--- PROVIDED INFORMATION ---

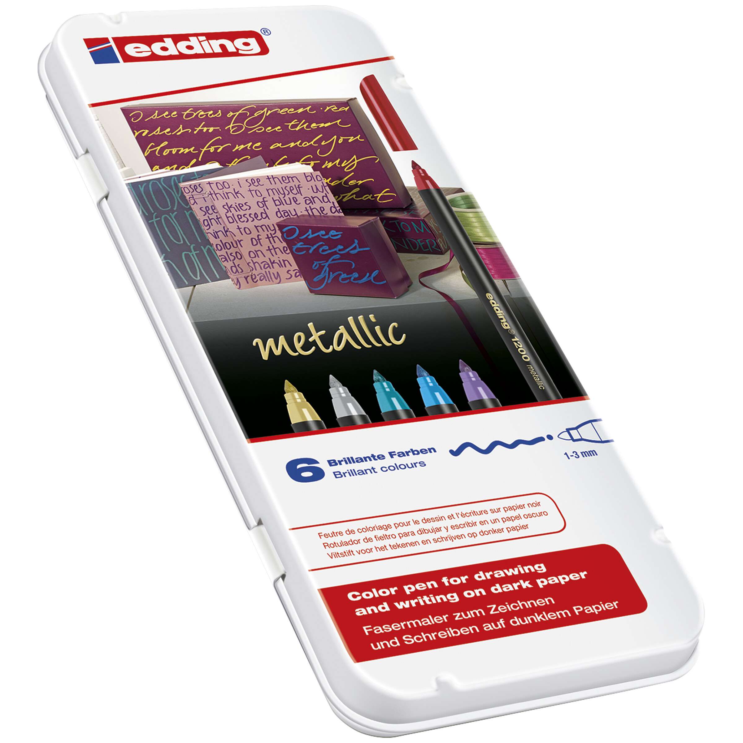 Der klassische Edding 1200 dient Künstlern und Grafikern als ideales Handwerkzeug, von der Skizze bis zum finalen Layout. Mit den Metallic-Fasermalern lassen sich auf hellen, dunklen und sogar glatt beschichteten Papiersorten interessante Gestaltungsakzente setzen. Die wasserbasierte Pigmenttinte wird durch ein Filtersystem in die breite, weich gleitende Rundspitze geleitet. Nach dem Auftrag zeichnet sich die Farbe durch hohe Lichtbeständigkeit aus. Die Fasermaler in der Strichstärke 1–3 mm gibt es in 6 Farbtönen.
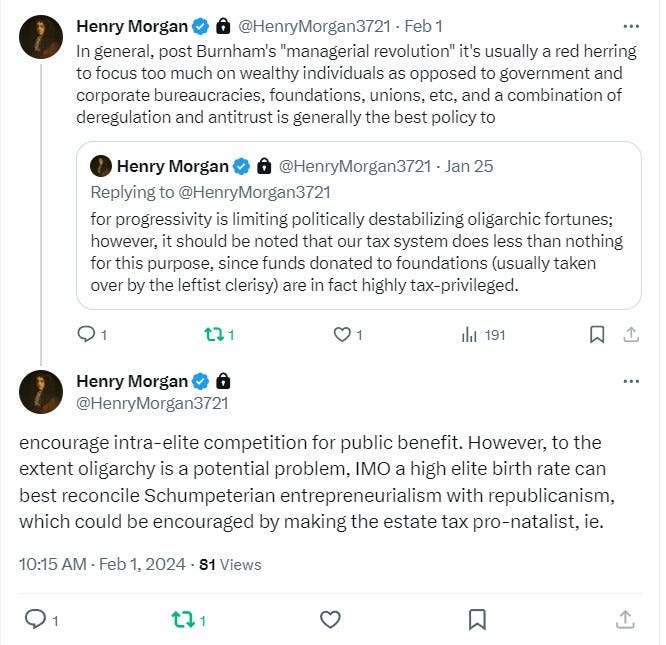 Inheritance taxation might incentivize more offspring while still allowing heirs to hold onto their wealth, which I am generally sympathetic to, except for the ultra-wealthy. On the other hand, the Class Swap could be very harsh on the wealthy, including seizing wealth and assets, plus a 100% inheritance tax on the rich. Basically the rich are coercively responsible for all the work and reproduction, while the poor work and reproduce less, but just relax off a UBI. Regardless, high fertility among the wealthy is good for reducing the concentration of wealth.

---
--- PROVIDED INFORMATION ---

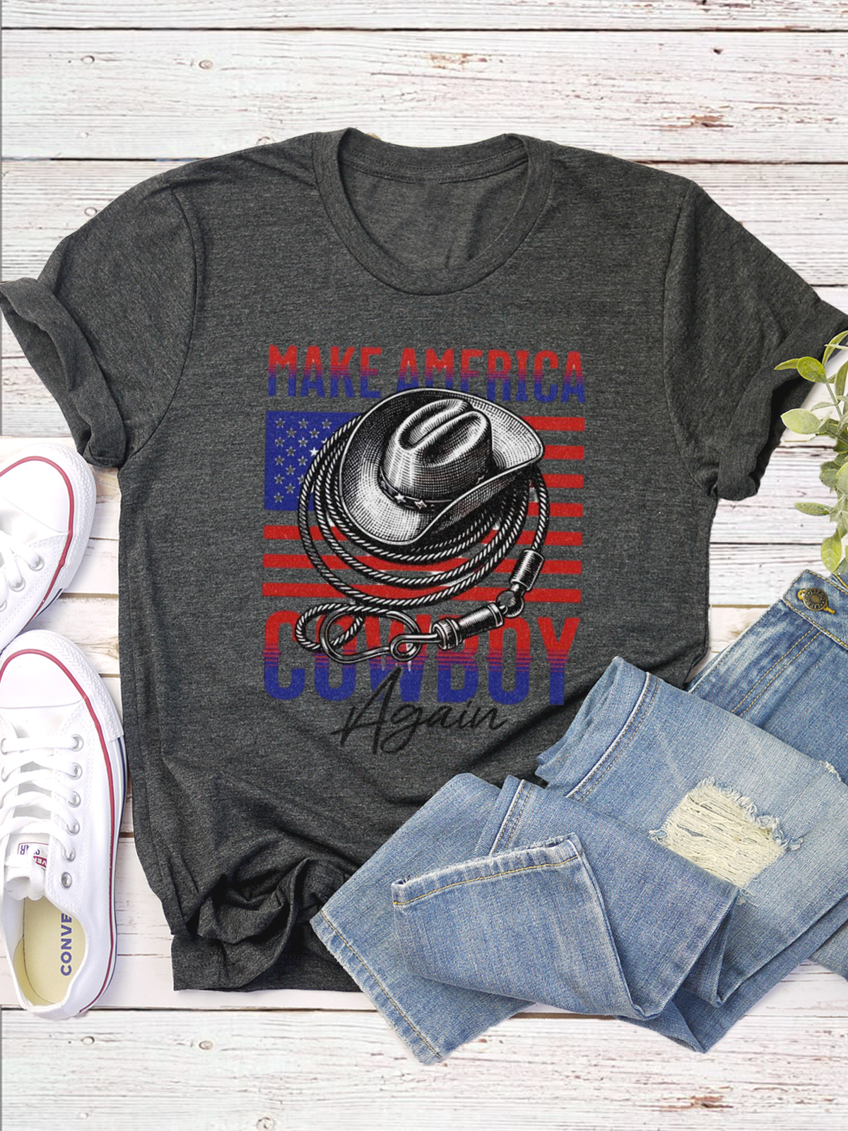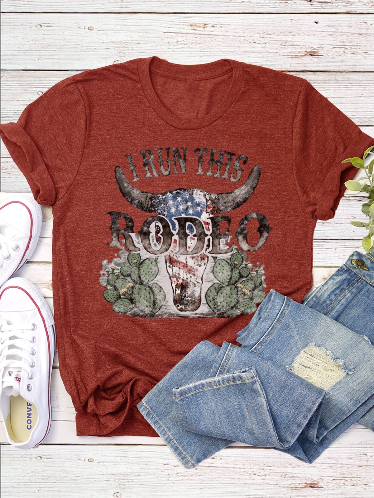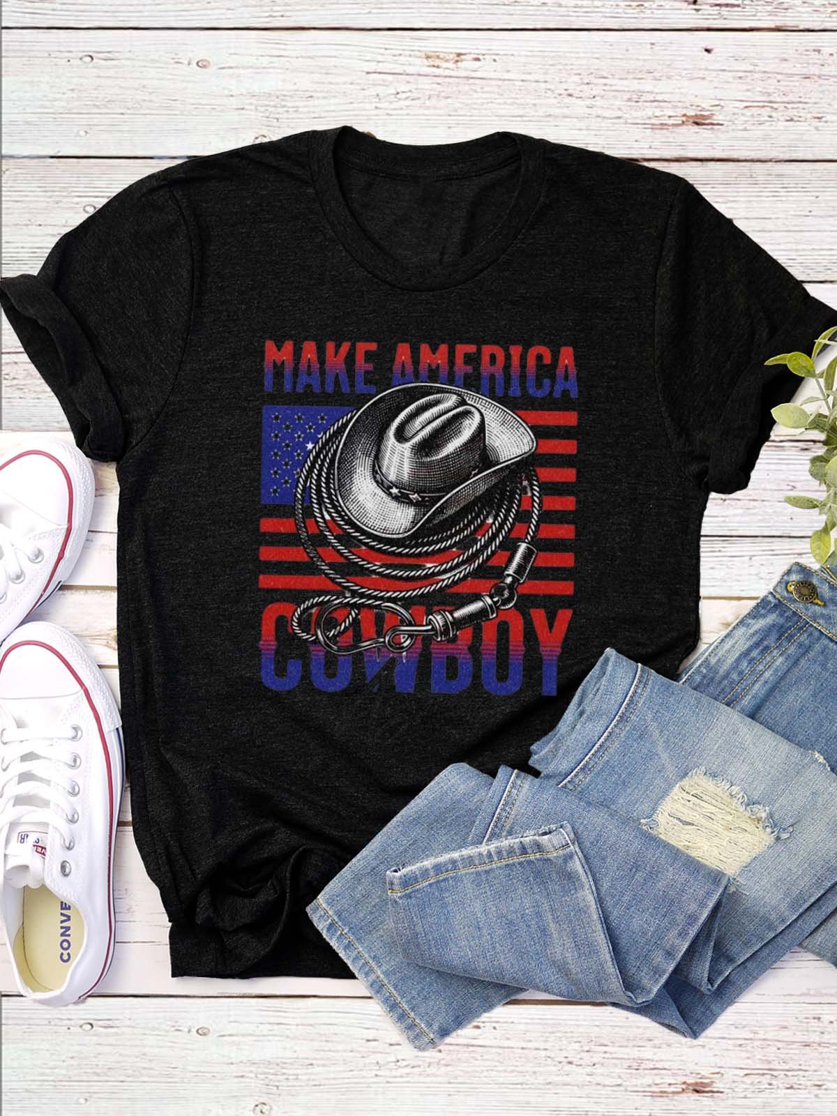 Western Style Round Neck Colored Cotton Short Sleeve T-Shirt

---
--- PROVIDED INFORMATION ---

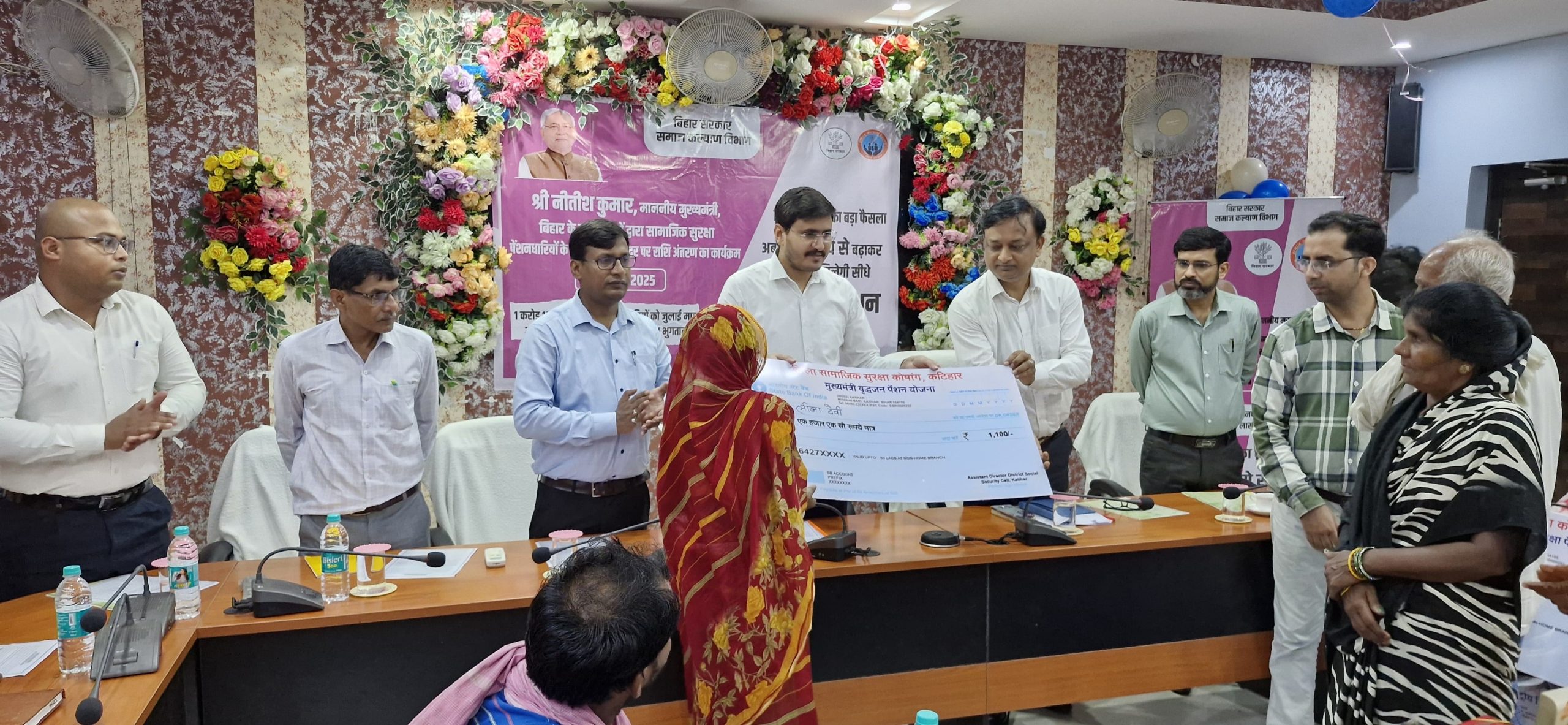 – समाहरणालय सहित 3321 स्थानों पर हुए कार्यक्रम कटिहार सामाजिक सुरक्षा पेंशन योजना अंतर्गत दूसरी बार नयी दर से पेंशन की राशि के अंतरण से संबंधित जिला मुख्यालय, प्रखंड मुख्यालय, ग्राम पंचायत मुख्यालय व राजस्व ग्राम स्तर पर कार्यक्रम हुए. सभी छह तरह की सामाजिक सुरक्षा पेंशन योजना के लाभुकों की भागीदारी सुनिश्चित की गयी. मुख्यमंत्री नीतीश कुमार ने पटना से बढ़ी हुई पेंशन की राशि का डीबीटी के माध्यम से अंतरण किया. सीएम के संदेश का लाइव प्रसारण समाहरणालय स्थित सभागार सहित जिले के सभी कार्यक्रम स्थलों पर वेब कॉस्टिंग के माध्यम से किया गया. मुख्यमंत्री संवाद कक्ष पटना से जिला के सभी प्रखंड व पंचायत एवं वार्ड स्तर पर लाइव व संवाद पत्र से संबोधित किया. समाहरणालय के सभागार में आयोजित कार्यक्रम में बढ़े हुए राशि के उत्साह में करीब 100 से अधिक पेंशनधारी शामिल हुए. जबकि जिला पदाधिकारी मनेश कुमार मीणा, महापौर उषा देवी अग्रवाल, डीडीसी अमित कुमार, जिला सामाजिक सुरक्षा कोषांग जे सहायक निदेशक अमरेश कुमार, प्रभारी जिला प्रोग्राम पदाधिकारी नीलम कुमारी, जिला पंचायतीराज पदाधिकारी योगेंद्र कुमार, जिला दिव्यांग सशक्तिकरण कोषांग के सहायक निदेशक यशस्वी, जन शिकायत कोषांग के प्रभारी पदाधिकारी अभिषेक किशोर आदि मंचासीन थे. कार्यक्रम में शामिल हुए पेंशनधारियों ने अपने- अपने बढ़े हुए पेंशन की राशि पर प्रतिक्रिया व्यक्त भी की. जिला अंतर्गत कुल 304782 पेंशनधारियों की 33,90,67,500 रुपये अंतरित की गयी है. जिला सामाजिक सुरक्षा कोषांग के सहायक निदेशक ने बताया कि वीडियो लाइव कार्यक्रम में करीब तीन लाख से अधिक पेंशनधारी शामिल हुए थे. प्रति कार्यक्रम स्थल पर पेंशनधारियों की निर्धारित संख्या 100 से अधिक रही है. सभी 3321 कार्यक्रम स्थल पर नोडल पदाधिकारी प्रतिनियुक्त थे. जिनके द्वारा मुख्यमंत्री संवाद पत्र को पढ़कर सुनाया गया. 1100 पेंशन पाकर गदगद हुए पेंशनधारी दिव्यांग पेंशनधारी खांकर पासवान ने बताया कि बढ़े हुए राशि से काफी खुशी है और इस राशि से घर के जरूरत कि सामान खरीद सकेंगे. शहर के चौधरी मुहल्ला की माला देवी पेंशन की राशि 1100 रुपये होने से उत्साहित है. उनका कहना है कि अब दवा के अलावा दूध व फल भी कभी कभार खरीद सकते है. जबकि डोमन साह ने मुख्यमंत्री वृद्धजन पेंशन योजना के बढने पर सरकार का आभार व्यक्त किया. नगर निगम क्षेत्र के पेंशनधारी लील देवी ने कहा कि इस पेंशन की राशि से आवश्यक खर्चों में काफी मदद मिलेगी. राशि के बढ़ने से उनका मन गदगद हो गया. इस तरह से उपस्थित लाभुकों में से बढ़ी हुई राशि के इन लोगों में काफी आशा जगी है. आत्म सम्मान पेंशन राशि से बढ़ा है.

---

Range to copy from the records above: the line containing "Der klassische Edding" to the line containing "Inheritance taxation might", both included. Output those lines exactly and only those, skipping pictures.

- THE COMPLETED TASK
 Der klassische Edding 1200 dient Künstlern und Grafikern als ideales Handwerkzeug, von der Skizze bis zum finalen Layout. Mit den Metallic-Fasermalern lassen sich auf hellen, dunklen und sogar glatt beschichteten Papiersorten interessante Gestaltungsakzente setzen. Die wasserbasierte Pigmenttinte wird durch ein Filtersystem in die breite, weich gleitende Rundspitze geleitet. Nach dem Auftrag zeichnet sich die Farbe durch hohe Lichtbeständigkeit aus. Die Fasermaler in der Strichstärke 1–3 mm gibt es in 6 Farbtönen.
 Inheritance taxation might incentivize more offspring while still allowing heirs to hold onto their wealth, which I am generally sympathetic to, except for the ultra-wealthy. On the other hand, the Class Swap could be very harsh on the wealthy, including seizing wealth and assets, plus a 100% inheritance tax on the rich. Basically the rich are coercively responsible for all the work and reproduction, while the poor work and reproduce less, but just relax off a UBI. Regardless, high fertility among the wealthy is good for reducing the concentration of wealth.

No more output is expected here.